Average visual acuity score plotted over time for eyes with central DPED Footnotes: DPED = drusenoid pigment epithelial detachment; CGA = central geographic atrophy; NV-AMD = neovascular age-related macular degeneration; AMD = age-related macular degeneration. Eighty letters of visual acuity translates to Snellen visual acuity of 20/25. Analyses exclude the 18 eyes with DPED located greater than 500 μ m away from the fovea.

Figure 4:

Kaplan-Meier curves for percentage of eyes losing ≥ 15 letters from time of DPED detection for eyes with central DPED Footnotes: DPED = drusenoid pigment epithelial detachment; CGA = central geographic atrophy; NV-AMD = neovascular age-related macular degeneration; AMD = age-related macular degeneration.
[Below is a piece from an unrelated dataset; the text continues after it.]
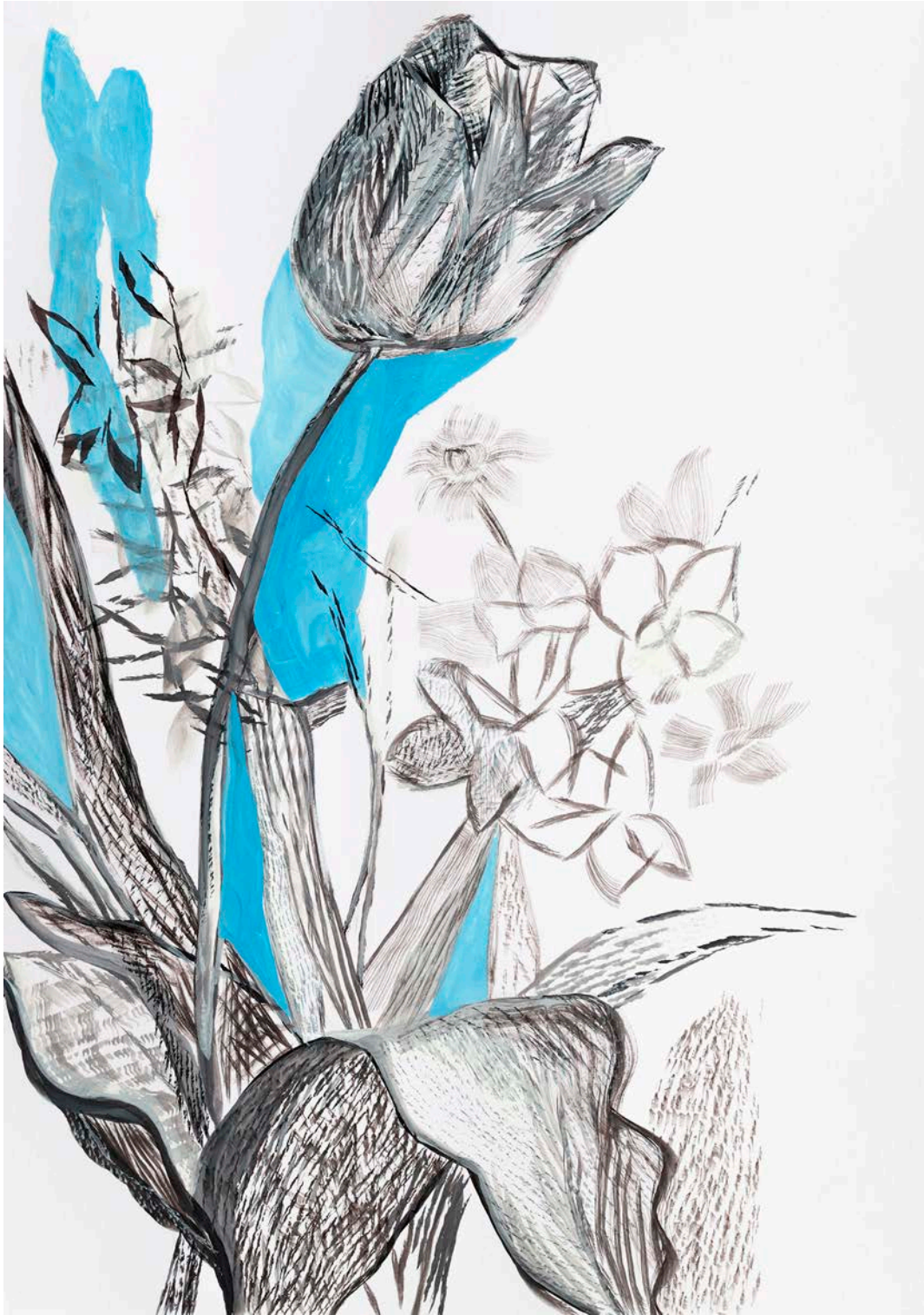
Marc Desgrandchamps « Untitled », 2018 | gouache on paper | 42 x 29,5 cm Copyright Marc Desgrandchamps | courtesy Galerie Lelong & Co

Analyses exclude the 18 eyes with DPED located greater than 500 μ m away from the fovea.

Figure 5:

These fundus photographs demonstrate the natural course of bilateral drusenoid pigment epithelial detachments of an AREDS2 participant who was a 61 year old white female. Baseline fundus photographs of both eyes (Figures 5A [right eye] and B [left eye]) showed presence of bilateral, confluent large drusen. Visual acuities were 20/16 and 20/25, right and left eyes respectively. At one year follow-up, bilateral DPEDs were detected and the fundus photographs demonstrated elevated mounds of confluent drusen (Figures 5C and D) and retinal pigment epithelial hyperpigmentary changes (Figure 5C). The visual acuities were 20/25 and 20/30, right and left eyes respectively. Both DPEDs began to regress one year later (Figures 5E and F), giving way to geographic atrophy in the right eye (Figure 5E) and the development of retinal pigmentary changes in the left eye (Figure 5F). Further changes of geographic atrophy are seen in both eyes through the next 2 years of follow-up (Figures 5G, H, I and J). Visual acuities remained 20/25 and 20/30, right and left eyes, respectively throughout the entire follow-up as the fovea was preserved in both eyes.

Figure 6:

This 65 year old man developed drusenoid pigment epithelial detachment in his left eye in year 2 of his follow up with visual acuity of 20/40. The DPED resulted in central geographic atrophy 1 years later, with visual acuity ot 20/250.

Figure 7:

This 81 year white female had baseline large drusen (Figure 7A) which increased in area (Figure 7B) over the next year. Drusenoid pigment epithelial detachment (DPED) was detected in year 4 of the study (Figure 7C) and the regression of the DPED was accompanied by the progression to neovascular AMD 2 years later (Figure 7D). Anti-vascular endothelial growth factor therapy was administered. Visual acuity remained, on the average, around 20/30 throughout the course of the study.